My favorite quotes from Imagination Redeemed: Glorifying God with a Neglected Part of Your Mind by Gene Veith and Matthew Ristuccia.

- Christians of the past had quite a bit to say about the imagination, as we shall see, but it is something of a forgotten category in contemporary Christianity.

- We must discipline, disciple, and sanctify our imaginations. We are to “take every thought captive to obey Christ.”

- When the apostle Paul enjoins us to “rejoice with those who rejoice” and to “weep with those who weep” (Rom. 12:15), he is calling for an act of imagination known as “empathy,” imaginatively identifying with other human beings to the point of feeling their emotions.

- Developing a Christian imagination can play an important role in our spiritual growth. A godly imagination can help us meditate on the Word of God, pray with fervency, cultivate a corporate culture of grace, and grow through personal sanctification.

- The imagination of God is the source of the imagination of human beings.

- The critical step toward redeeming one’s imagination is to fill it with God himself.

- We can also sin in our imagination. This is one of the most important and yet neglected battlegrounds in the Christian life.

- The solution is not to suppress the imagination—which cannot really be done—but to restore it so that it helps rather than hinders us in our Christian living.

- In short, the imagination is the source of idolatry and also a means of contemplating truth. It is a source of sin, and it is a source of good works.

- Being able to imagine the future—as well as the steps it will take to get there—is critical for self-discipline, prudence, and wisdom.

- Worldviews are generally communicated and transmitted by works of the imagination—stories, music, art, drama, architecture, rituals, conversations, and cultural artifacts of every kind.

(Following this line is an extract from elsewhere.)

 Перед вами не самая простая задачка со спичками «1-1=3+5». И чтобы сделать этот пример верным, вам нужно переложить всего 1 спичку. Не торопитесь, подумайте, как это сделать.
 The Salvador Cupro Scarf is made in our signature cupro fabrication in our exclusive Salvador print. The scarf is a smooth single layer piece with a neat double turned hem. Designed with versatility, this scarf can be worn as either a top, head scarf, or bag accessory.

- A redeemed imagination is a righteous imagination.

- We all face daily choices of what TV shows and movies to watch, where to surf on the web, and what pictures to settle our gaze on…So choose your images with the long view of building a righteous imagination.

- God’s Word uses imaginative means…Thus, a Christian imagination comes, above all, from reading the Bible continually, studying it, meditating on it, and just saturating your mind and your imagination with the Word of God.

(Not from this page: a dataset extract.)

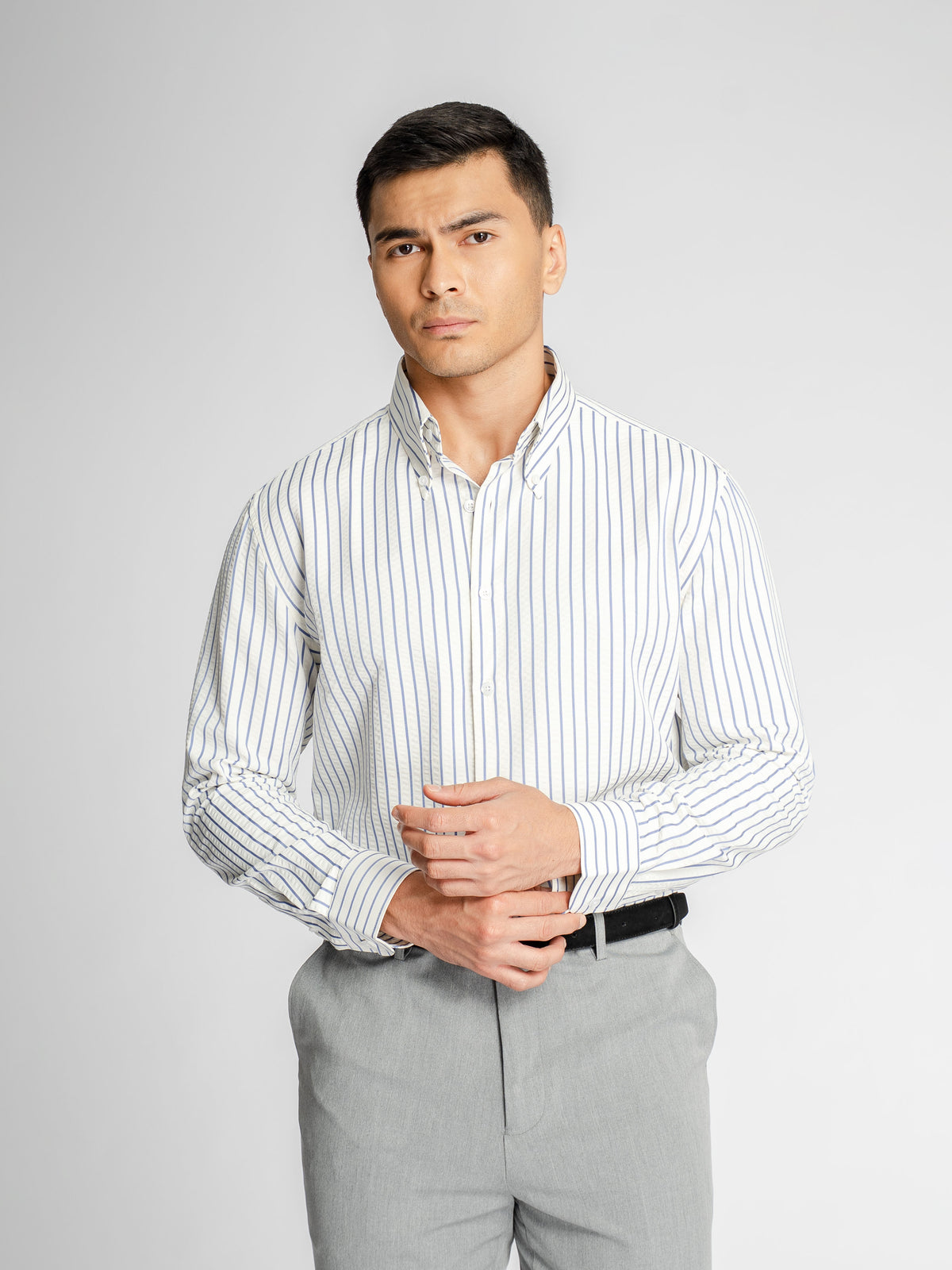 Marci Seersucker Shirt - White Blue Stripe (Button-Down Collar)

- There is, indeed, a place for visual images. But a distinctly Christian imagination is formed best by language—reading, listening, conversation.

- Thus, hearing good preaching week in and week out can profoundly shape a Christian worldview and a Christian imagination.

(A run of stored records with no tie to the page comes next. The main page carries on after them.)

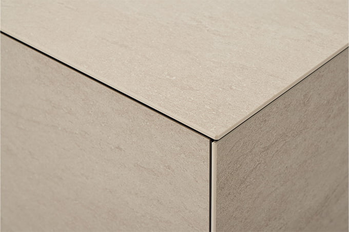 また、天板・扉・側板に使うセラミックの厚みを使い分けた独自構造を採用し、工場でほぼ完成した状態まで精密に仕上げることで、現場での特殊加工を一切不要にしました。さらに、大判タイルを全面に使用し、無駄な線や凹凸を排除することで、素材の質感が際立つミニマルな意匠を実現しました。
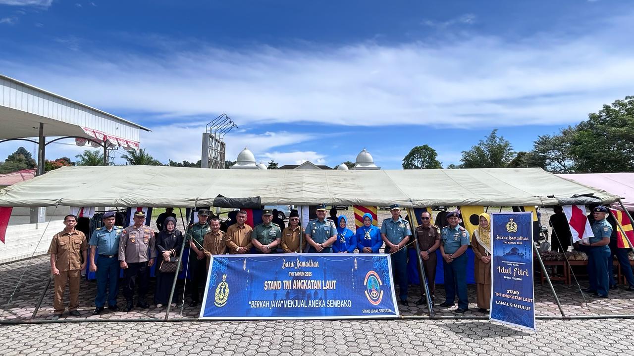 TNI AL, Simeulue,- Dalam rangka menyambut Hari Raya Idul Fitri 1446 H/2025 M, Pangkalan TNI AL Simeulue berkolaborasi bersama Kodim 0115/Simeulue dan Pemerintah Daerah menggelar kegiatan Bazar TNI yang bertujuan untuk membantu masyarakat mendapatkan kebutuhan pokok dengan harga terjangkau, Selasa (25/3/2025).
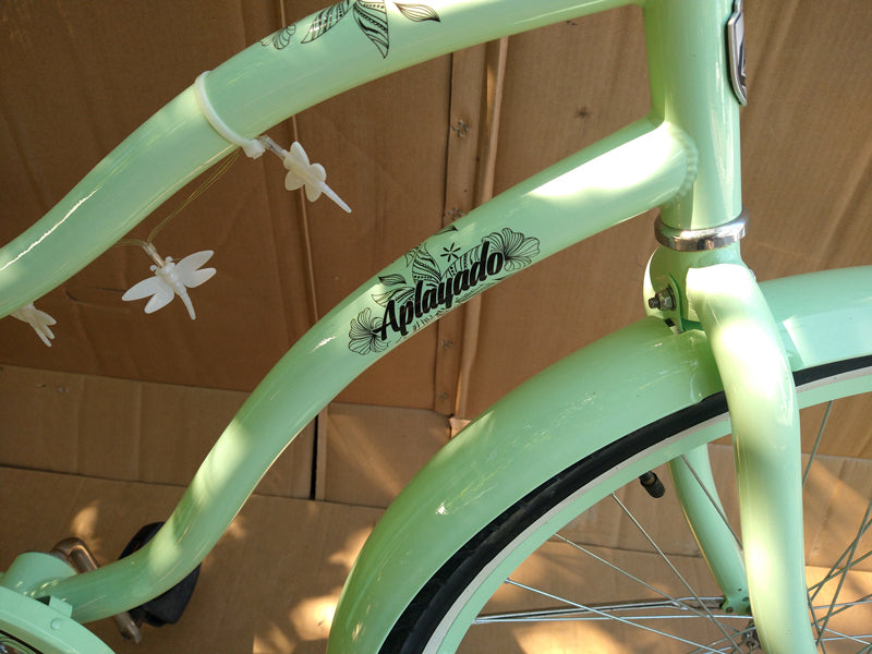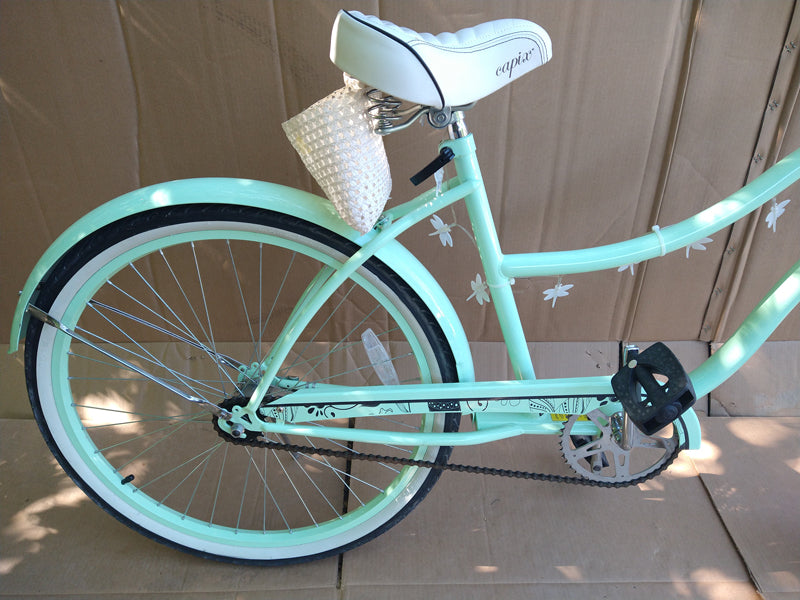 Medium beach cruiser ladies coaster in minty green. 26” balloon tires, fenders and kickstand.

- A congregation that makes contemporary culture normative over Christian culture—to the point of replacing it—will teach its members to have contemporary worldviews and a contemporary imagination.

- I have nothing to fear from other worldviews, because mine is bigger than all the others, containing their truths and filling in their blind spots. The Christian imagination is vaster than those that derive from narrow human frames of reference

- Though a realm in need of discipline and sanctification, the imagination is a God-given superpower, making possible some of the greatest achievements of human beings.

- The imagination can also be the way into the heart of unbelievers. Many people in today’s culture, trapped in their narrow materialistic worldview, “cannot imagine” any kind of spiritual reality.

- Meanwhile, all Christians…need to love God with all their minds, which would include their imagination.

Imagination Redeemed: Glorifying God with a Neglected Part of Your Mind by Gene Veith and Matthew Ristuccia.